▶ **Entries provided**:

------------------------------------------------------------------------

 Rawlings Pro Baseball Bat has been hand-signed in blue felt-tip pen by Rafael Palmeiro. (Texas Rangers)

------------------------------------------------------------------------

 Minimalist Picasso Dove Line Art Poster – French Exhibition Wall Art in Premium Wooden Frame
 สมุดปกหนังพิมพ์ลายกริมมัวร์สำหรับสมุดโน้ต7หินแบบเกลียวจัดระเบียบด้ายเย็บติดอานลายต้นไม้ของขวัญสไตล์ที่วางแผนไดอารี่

------------------------------------------------------------------------

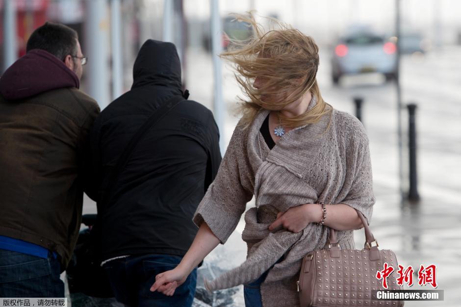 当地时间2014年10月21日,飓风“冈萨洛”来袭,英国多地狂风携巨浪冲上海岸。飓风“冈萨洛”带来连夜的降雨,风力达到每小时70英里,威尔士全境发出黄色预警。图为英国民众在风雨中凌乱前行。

------------------------------------------------------------------------

▶ **Task to carry out**:
Return the span of lines in the data above that opens at the line with "Minimalist Picasso Dove" and closes at the line with "สมุดปกหนังพิมพ", exactly, ends included, nothing else.

▶ **Response to this task**:
 Minimalist Picasso Dove Line Art Poster – French Exhibition Wall Art in Premium Wooden Frame
 สมุดปกหนังพิมพ์ลายกริมมัวร์สำหรับสมุดโน้ต7หินแบบเกลียวจัดระเบียบด้ายเย็บติดอานลายต้นไม้ของขวัญสไตล์ที่วางแผนไดอารี่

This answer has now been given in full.